- Written by: Maxim Gorky
- Original language: Russian
- Genre: Comedy
- Setting: A railway station five verstas away from the small town of Verkhneye Myamlino

= Reception (play) =

Reception (Встреча) is a one-act comedy by Maxim Gorky. It was first published in 1910, in Sovremenny Mir under its original title. Simultaneously it came out as a separate edition under the title Children (Дети), via the Berlin-based Ladyzhnikov Publishers.
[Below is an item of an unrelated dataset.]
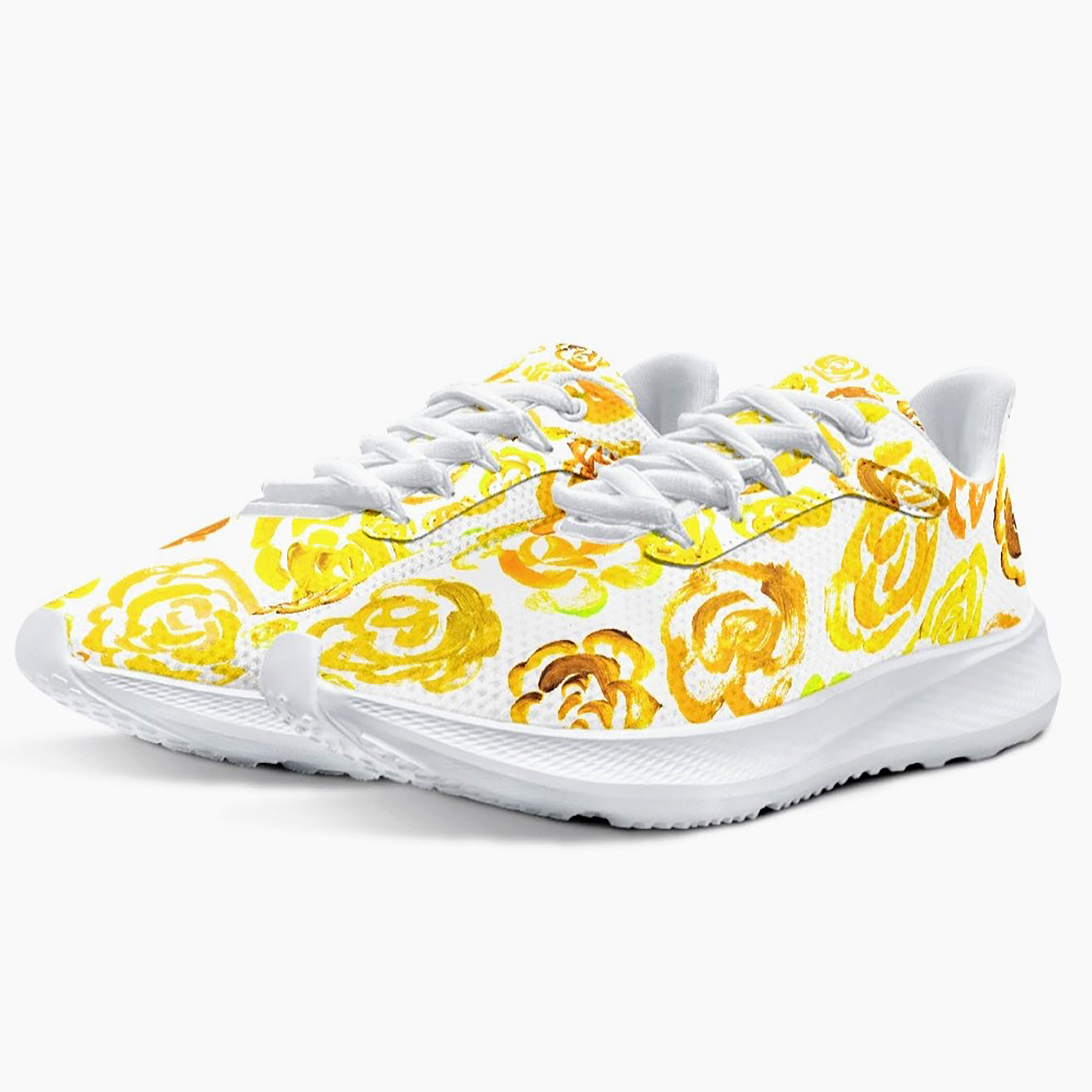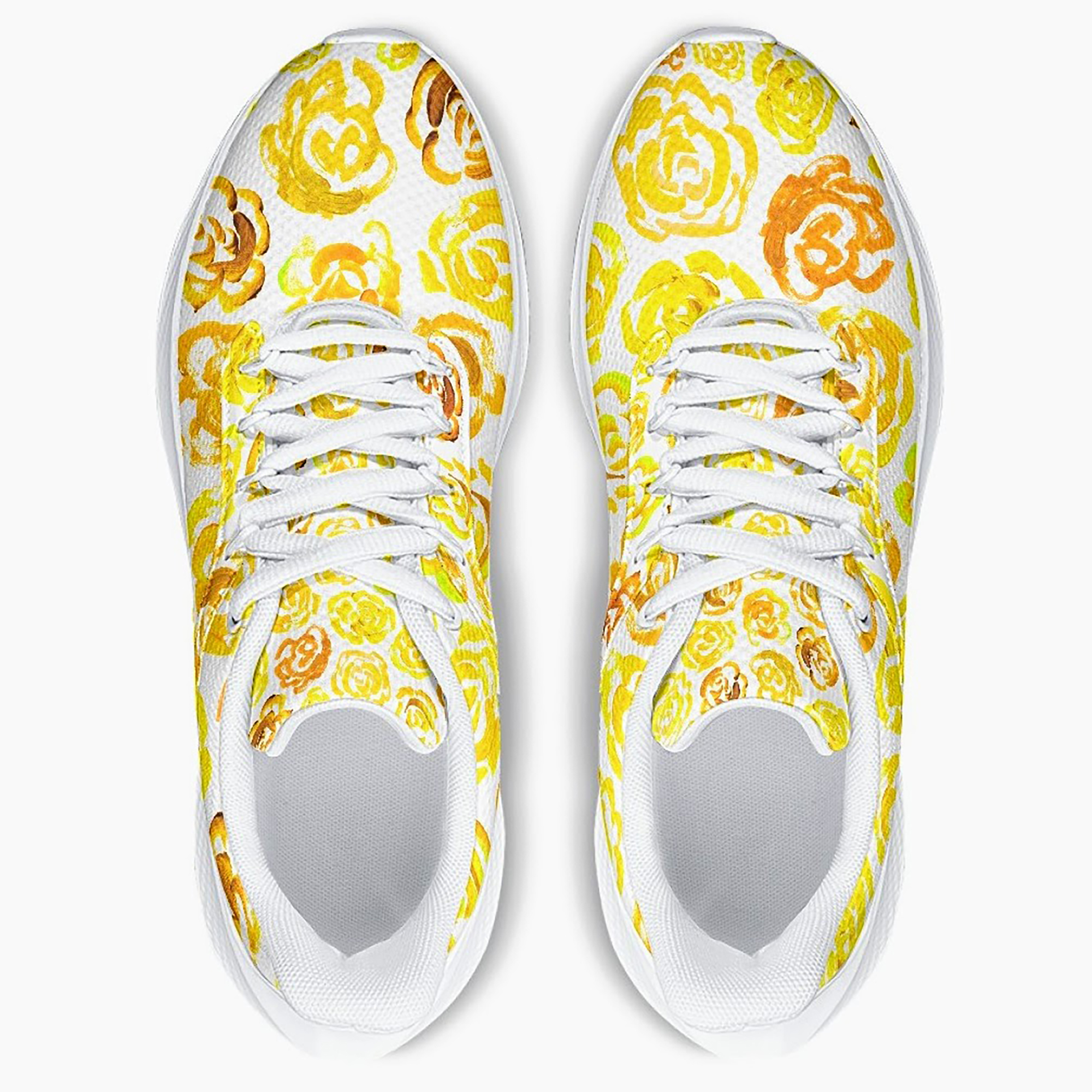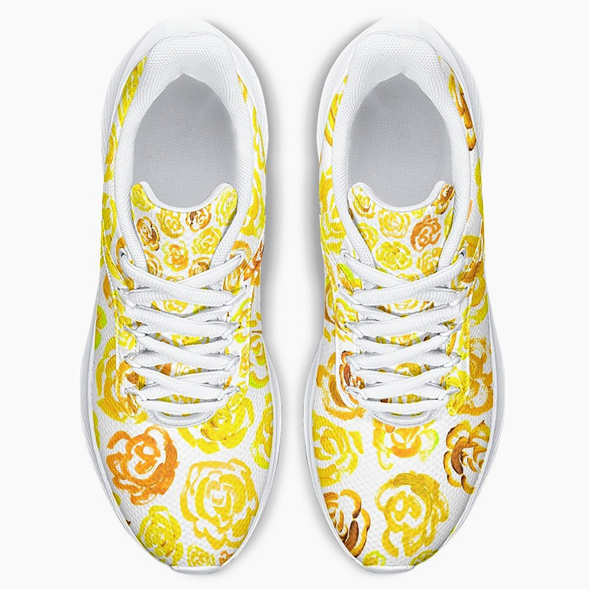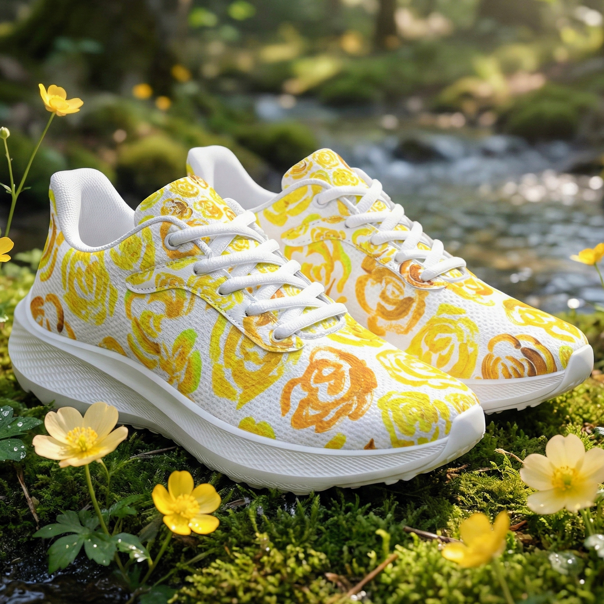 Unisex running shoes with yellow flower blossoms. Women's & men's lightweight sports shoes.

Gorky mentioned it in his 20 November 1910 letter to Mykhailo Kotsiubynsky: "I send you my Reception, perhaps it will make you smile," he wrote from Capri.

==Characters==
- Prince Svir-Mokshanski, of uncertain age, balding and frail
- Bubenhof, solid and behaves like a conqueror
- Mokey Zobnin, of around fifty, shifty, perky and prone to fantasizing
- Ivan Kichkin, old, fat and unhealthy
- Pyotr Tipunov, soft-spoken and peace-loving
- Kostya Zryakhov, a plump young man, speaks condescendingly and with unexpectedly long vowels
- Yevstigneyka, a disheveled character with eyes of a lunatic
- Tatyana Zobnina, a widow, stout and moving lazily
- Marya Viktorovna, a perky and lively girl
- Drunken passenger, Old woman with a petition, the Station master, Bykov the janitor, the Gendarme, the Telegraph man

==Synopsis==
Two rival families of the local merchants grudgingly unite to buy a huge plot of land from a local aristocrat, with a view to build a timber factory. The reception at the railway station astounds the Prince (who arrives with a German companion). He is delighted with the way how the people here admire him and are such pure and nice creatures, 'like children'. Some other locals (including a perpetuum mobile inventor) join the party with their pleas and complaints. The celebration turns sour when it transpires that the land has just been sold, to the German man.